The default implementation is byte-identical to the previous inline expression, so this is a zero-behaviour-change refactor for every existing adapter (Telegram, Discord, Slack, Matrix, IRC, Mattermost, BlueBubbles, Feishu, DingTalk, WeCom, WhatsApp, Signal, etc.). They all continue to get exactly the same TTS text they got before.

The hook unblocks voice-first platform adapters. What works for text-bubble platforms is wrong for read-aloud platforms:

  • A Telegram bot reply containing Run \pip install foo` then visit https://docs.example.com/install#step-2` looks fine in the chat bubble.
  • A LiveKit voice agent speaking that same reply has to read it out as Run backtick pip install foo backtick then visit h-t-t-p-s colon slash slash docs dot example dot com slash install hash step dash two. Markdown sigils get stripped, but URLs, file paths, fenced code blocks, and MEDIA: tags are spoken character-by-character.

A voice-output adapter wants to drop those spans before TTS synthesis, while keeping the full text in the data-channel transcript for clients that render visually.

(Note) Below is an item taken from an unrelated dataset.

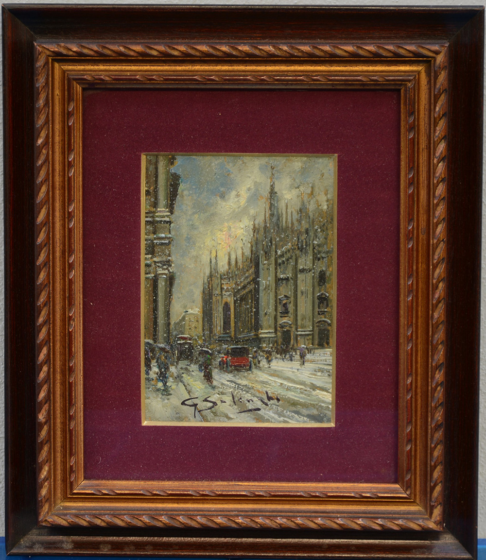 Ignoto "Scorcio del Duomo di Milano" (cm 17x12) Firamto Solenghi in basso al centro. In cornice

Today, without this hook, voice adapters have two options, both worse:

  1. Duplicate the auto-TTS pipeline inside their own handle_response override — which means re-implementing extract_media, extract_images, extract_local_files, attachment routing, the auto-TTS gate, error handling, and the auto-TTS playback ordering from _process_message_background. ~80 lines of fragile copy-paste that goes stale every time someone touches the base flow.
  2. Live with TTS reading URLs and code blocks aloud.

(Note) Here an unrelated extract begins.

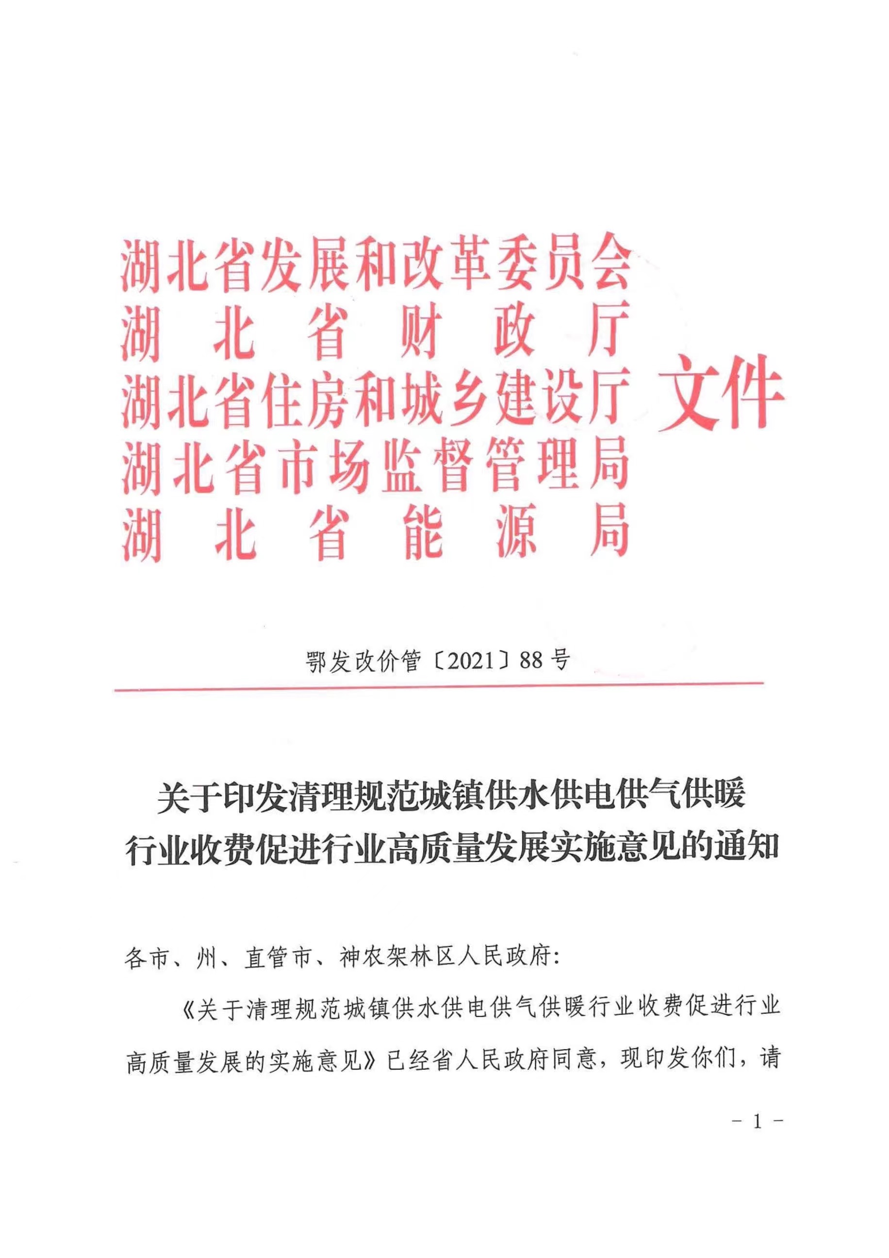 關(guān)于印發(fā)清理規(guī)范城鎮(zhèn)供水供電供氣供暖行業(yè)收費促進(jìn)行業(yè)高質(zhì)量發(fā)展實施意見的通知

A 7-line overridable method removes the dilemma without affecting any existing adapter.

Example consumer

kortexa-ai/hermes-livekit — a LiveKit WebRTC voice gateway plugin for hermes-agent, installable via pip into an existing hermes install:

pip install git+https://github.com/kortexa-ai/hermes-livekit.git
hermes plugins enable livekit

It registers as a platform plugin via the hermes_agent.plugins entry-point group (zero core edits required to load it) and overrides prepare_tts_text() to additionally strip:

  • Fenced code blocks (``` ... ```)
  • Inline code (`...`)
  • URLs (https?://...)
  • File paths (/x/y, ~/x, C:\x)
  • MEDIA:<path> tags
  • Collapses repeated whitespace

…before TTS synthesis. The full original response still reaches connected LiveKit clients via the data channel for visual rendering.

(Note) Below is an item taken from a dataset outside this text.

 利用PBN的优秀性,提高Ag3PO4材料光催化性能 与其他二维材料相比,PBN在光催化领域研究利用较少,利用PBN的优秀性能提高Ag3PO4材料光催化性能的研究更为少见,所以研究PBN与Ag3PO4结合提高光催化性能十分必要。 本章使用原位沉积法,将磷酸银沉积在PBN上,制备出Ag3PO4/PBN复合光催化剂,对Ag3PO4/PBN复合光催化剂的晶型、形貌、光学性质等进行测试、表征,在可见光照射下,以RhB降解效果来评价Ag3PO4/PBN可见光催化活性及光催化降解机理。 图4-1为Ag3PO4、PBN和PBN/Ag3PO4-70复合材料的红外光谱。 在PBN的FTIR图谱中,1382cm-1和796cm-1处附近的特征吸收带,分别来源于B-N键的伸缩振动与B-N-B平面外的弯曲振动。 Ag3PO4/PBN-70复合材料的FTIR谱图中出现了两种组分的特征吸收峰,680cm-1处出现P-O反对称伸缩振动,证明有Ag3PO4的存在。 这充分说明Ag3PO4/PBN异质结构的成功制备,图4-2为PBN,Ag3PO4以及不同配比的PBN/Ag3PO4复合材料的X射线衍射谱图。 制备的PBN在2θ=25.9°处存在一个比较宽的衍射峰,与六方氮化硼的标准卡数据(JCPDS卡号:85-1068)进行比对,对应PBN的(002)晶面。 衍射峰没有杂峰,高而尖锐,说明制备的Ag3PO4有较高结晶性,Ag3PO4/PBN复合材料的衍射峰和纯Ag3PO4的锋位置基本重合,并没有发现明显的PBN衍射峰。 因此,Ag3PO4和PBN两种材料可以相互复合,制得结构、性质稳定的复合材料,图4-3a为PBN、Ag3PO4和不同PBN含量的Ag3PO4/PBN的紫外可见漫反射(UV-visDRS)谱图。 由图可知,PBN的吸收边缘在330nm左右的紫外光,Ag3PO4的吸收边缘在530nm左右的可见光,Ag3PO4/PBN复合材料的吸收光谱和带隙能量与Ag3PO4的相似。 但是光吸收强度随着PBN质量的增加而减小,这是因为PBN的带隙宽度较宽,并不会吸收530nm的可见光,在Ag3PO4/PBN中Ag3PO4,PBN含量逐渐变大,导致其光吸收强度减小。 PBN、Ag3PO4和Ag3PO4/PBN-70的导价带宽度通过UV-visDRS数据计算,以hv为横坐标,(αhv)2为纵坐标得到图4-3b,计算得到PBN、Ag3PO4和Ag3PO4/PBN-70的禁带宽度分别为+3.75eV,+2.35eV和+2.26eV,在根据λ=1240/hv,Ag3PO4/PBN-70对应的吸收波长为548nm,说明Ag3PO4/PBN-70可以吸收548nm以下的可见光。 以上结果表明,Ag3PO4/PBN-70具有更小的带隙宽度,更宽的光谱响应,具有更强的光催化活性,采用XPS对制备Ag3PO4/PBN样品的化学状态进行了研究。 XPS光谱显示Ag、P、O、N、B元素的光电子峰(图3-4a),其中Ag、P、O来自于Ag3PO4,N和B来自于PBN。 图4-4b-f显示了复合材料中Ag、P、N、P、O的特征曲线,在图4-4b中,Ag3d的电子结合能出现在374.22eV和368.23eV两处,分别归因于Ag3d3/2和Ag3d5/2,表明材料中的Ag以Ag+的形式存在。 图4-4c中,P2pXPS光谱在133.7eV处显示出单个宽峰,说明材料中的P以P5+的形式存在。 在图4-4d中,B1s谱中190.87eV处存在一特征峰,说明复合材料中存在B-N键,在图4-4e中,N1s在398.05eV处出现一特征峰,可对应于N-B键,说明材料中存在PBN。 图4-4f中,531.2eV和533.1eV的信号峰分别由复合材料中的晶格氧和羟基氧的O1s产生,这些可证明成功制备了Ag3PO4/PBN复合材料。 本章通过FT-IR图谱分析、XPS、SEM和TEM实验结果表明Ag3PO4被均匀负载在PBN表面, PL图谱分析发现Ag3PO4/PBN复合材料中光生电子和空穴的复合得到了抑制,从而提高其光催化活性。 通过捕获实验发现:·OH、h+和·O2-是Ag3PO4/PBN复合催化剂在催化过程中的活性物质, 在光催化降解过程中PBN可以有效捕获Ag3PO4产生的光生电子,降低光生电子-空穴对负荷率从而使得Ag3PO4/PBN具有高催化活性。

That override is the only piece of the LiveKit platform implementation that can't be done entirely from within a plugin against the existing register_platform() hook surface. Every other LiveKit-specific behaviour (env-driven auto-enable, connected-status check, cron home-channel, allowed-users gate, platform prompt hint, interactive setup) maps cleanly onto an existing kwarg on register_platform(). This one hook is the missing piece.

Relation to #3894

#3894 (feat(gateway): add LiveKit WebRTC voice platform support) bundles this same hook change together with the full LiveKit platform adapter. This PR carves the generic hook out so it can be reviewed and merged independently — the hook is useful to any future voice-output platform adapter (LiveKit, Twilio Voice, telephony bridges, etc.), and shouldn't be coupled to LiveKit-specific review concerns.

Risk

Approximately zero. The default returns exactly the same string as the previous inline expression. Existing tests for the auto-TTS path do not need updates (verified manually — the call site is unreachable from anywhere except the auto-TTS branch, and behaviour at that branch is unchanged for non-overriding adapters).

Testing

Verified end-to-end against the consumer plugin: real LiveKit server → STT (qwen3-asr) → agent loop → TTS (qwen3-tts) → audio published back to the room → captured WAV transcribes to the agent's reply word-for-word.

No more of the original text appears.